The Quest was found using sonar scans on Sunday evening, sitting on its keel under 390 meters (1,280 feet) of churning, frigid water, the society said. Its towering mast is lying broken beside it, likely cracked off as the vessel was sucked into the depths after it struck ice on May 5, 1962.

Shackleton’s death aboard the ship in 1922 marked the end of what historians consider the “heroic age” of Antarctic exploration. The explorer led three British expeditions to the Antarctic, and he was in the early stages of a fourth when he died. He was 47.

The Quest’s discovery was “profoundly moving,” John Geiger, leader of the Shackleton Quest Expedition said Wednesday . “It’s just such a great story.
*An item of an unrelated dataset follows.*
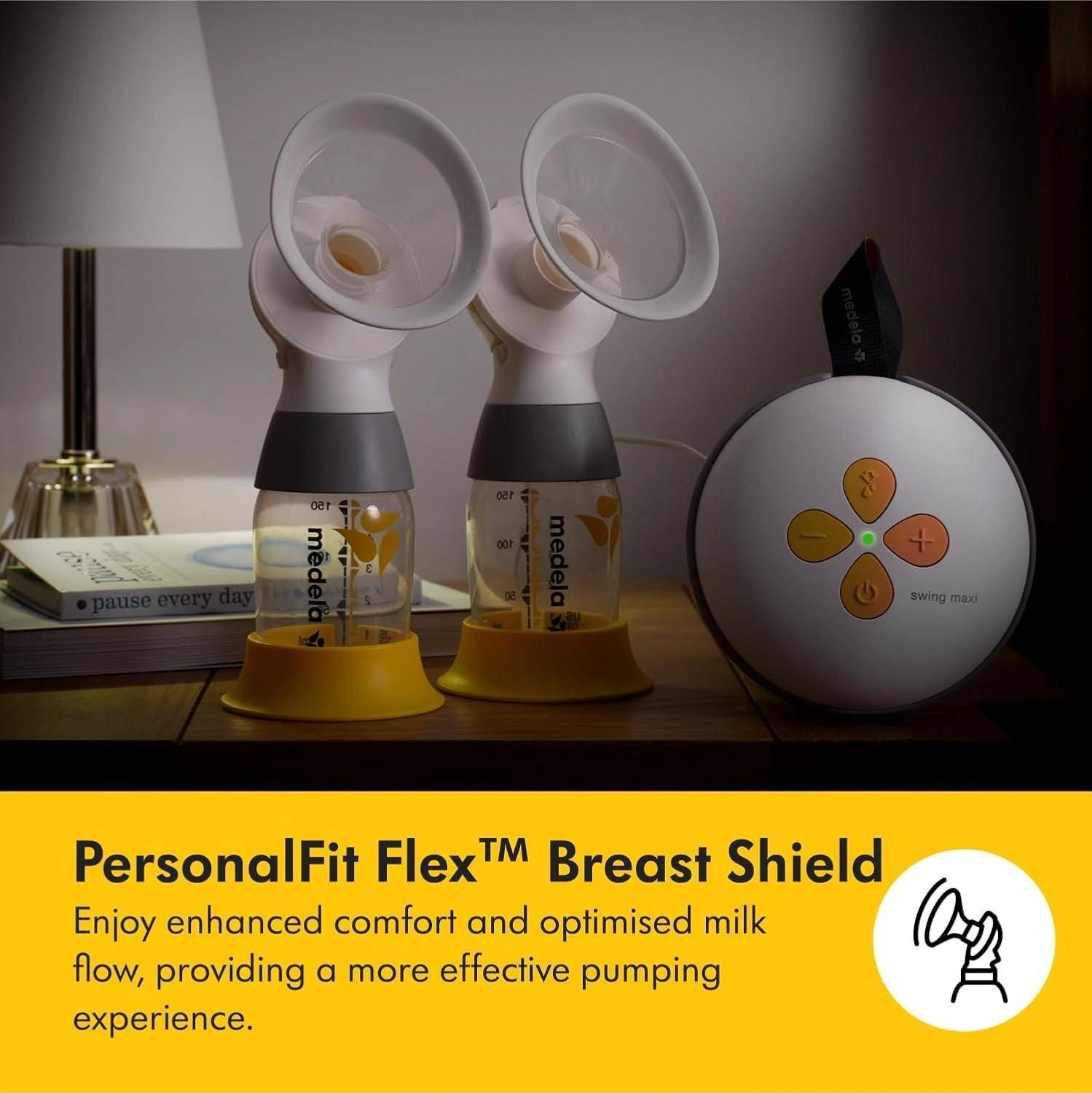 Pompa de sân electrică dublă Medela Swing Maxi poate fi folosită atât concomitent la ambii sâni, cât și la un singur sân – cu putere dublă. Opțiune extrem de utilă în cazul canalelor adânci sau blocate. Produsul oferit conține 4 cupe colectoare pentru sân PersonalFit Flex (2 x 21 mm, 2 x 24 mm).

It links Canada to this most-famous-of-all polar explorers.”

Geiger called it a a very important ship historically.

The Norwegian-built ship, used for Arctic research and sealing after Shackleton’s death, appears to be in “incredible condition,” though it was damaged when it slammed into the seabed, Geiger said.

Now that it has been found, the next step will be sending down remotely operated vehicles to capture images of its remains.

In 2022, researchers discovered another wreck of Shackleton’s. The Endurance was found in 10,000 feet — about 3,000 meters — of icy water, a century after it was swallowed up by Antarctic ice.

A team of marine archaeologists, engineers and other scientists used an icebreaker ship and underwater drones to locate the wreck at the bottom of the Weddell Sea, near the Antarctica Peninsula.

The expedition Endurance22 embarked from Cape Town, South Africa, in early February in a ship capable of breaking through 3-foot (1-meter)-thick ice.

The team, which included more than 100 researchers and crew members, deployed underwater drones that combed the seafloor for two weeks in the area where the ship was recorded to have sunk in 1915.

Shackleton never achieved his ambition to become the first person to cross Antarctica via the South Pole. In fact, he never set foot on the continent during the failed Endurance expedition, though he did visit Antarctica during earlier voyages.